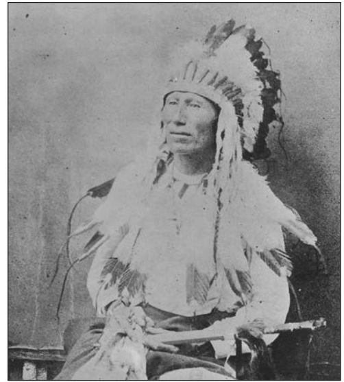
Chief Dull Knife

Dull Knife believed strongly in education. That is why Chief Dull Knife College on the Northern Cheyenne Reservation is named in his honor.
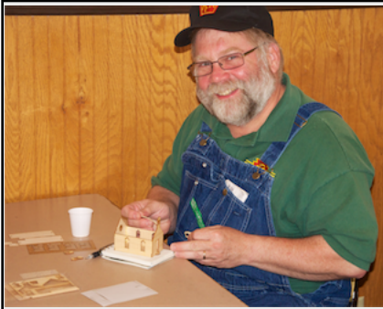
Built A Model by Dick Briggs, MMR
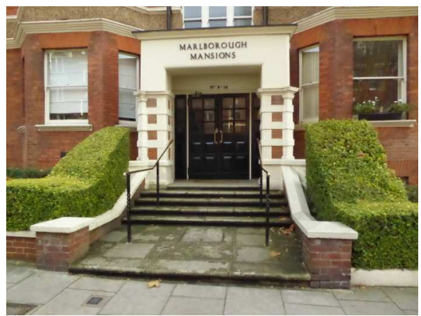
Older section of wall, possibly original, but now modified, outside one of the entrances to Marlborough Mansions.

#####

Look through the data above. Each line containing the word "Chief" needs to be copied.

Solution to the problem
Chief Dull Knife
Dull Knife believed strongly in education. That is why Chief Dull Knife College on the Northern Cheyenne Reservation is named in his honor.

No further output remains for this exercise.